For Java managed runtimes: SnapStart is FREE - no additional charges. For Python 3.12+ and .NET 8+ (US East N. Virginia): $0.0000015046 per GB-second for caching snapshots, $0.0001397998 per restore. Charged for caching while function version is active (minimum 3 hours). Compare to Provisioned Concurrency at ~$0.015/GB-hour which is significantly more expensive for sporadic traffic patterns.

SnapStart typically achieves 70-90% cold start reduction. Java Spring Boot example: 4.5s -> 400ms (91% reduction). General results: 6.2s -> 1.9s (70% reduction) for complex apps. Best results with heavy init (framework loading, dependency injection). Minimal improvement for functions with short init phases. Performance varies by function complexity, memory allocation, and cache state.
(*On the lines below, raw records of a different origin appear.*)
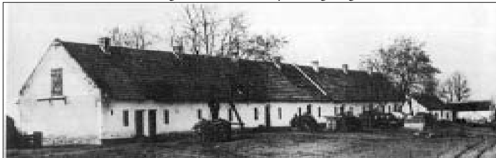
JANKAPUSZTAI CESELÉDLAKÁSOK AZ 1930-AS ÉVEKBEN

Ha egyetemeségben szemléljük a műfajt, akkor azt mondhatjuk, hogy a szociográfia a szociológiából hasadt ki. Ez a tétel fedi is a valóságot, ha a nyugat-európai országokra alkalmazzuk. Ott elmondhatták a szociográfusok, hogy tudományáguk többé nem a szociológia segédtudománya, hanem önálló műfaj. Magyarországon azonban nem beszélhetünk komoly elméleti szociológiáról, így a szociográfia kérdése elsősorban nem tudomány-rendszer-tani kérdésben merül fel. 1 Szociológiát, mint tudományt sokáig még a XX. században sem ok-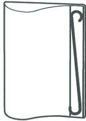
クーヴルパネル 1枚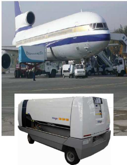
Groupes électrogènes de piste GPU 400 Hz – 100 KVA au profit de l'Aéroport Tadjik Air / Douchanbe – Tadjikistan Et pièces détachées

Migration path: (1) Extract dependencies to Lambda layers (/opt/java/lib), (2) Package application code as .zip, (3) Update deployment to use .zip + layers instead of container, (4) Enable SnapStart on function configuration, (5) Publish version (required for SnapStart), (6) Test cold start improvement (expect 75-90% reduction). May require refactoring if you depend on custom OS packages not available in Lambda runtime.
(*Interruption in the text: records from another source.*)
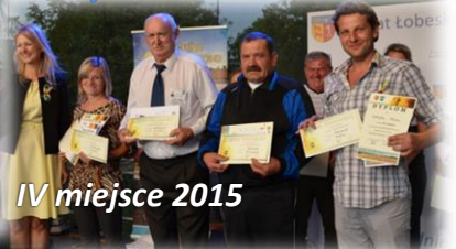
IV miejsce 2015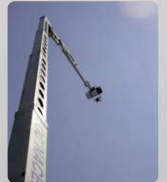
Grue géante 53m GYRON/Stab C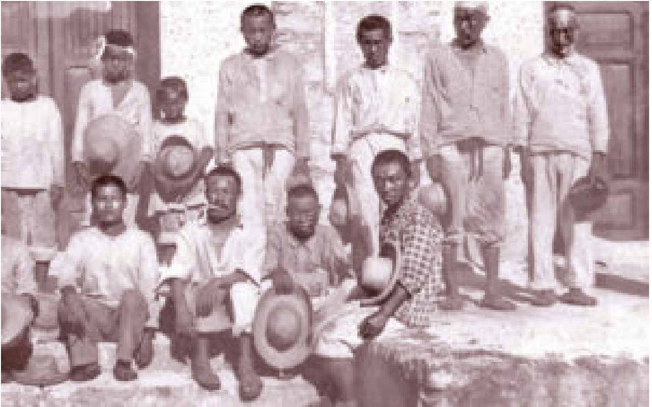
Trabajadores chinos en México a principios de siglo XX

Ante el despliegue de la presente situación, podría justo pensarse que México, en relación a China, revelaría un proceso económico distinto, con desarrollos rurales e industriales latentes; sin embargo, hoy día, la nación China es simplemente una potencia económica mundial, a punto de arrebatarle a Estados Unidos su papel y su sitio protagónico.

To enable SnapStart: (1) Console: Function configuration -> Edit -> SnapStart -> Enable, (2) CDK/CloudFormation: Set snapStart.applyOn to 'PublishedVersions', (3) AWS CLI: aws lambda update-function-configuration --function-name MyFunc --snap-start ApplyOn=PublishedVersions. After enabling, you MUST publish a new version - SnapStart only works on published versions, not $LATEST. Verify with aws lambda get-function to check snapStart.optimizationStatus.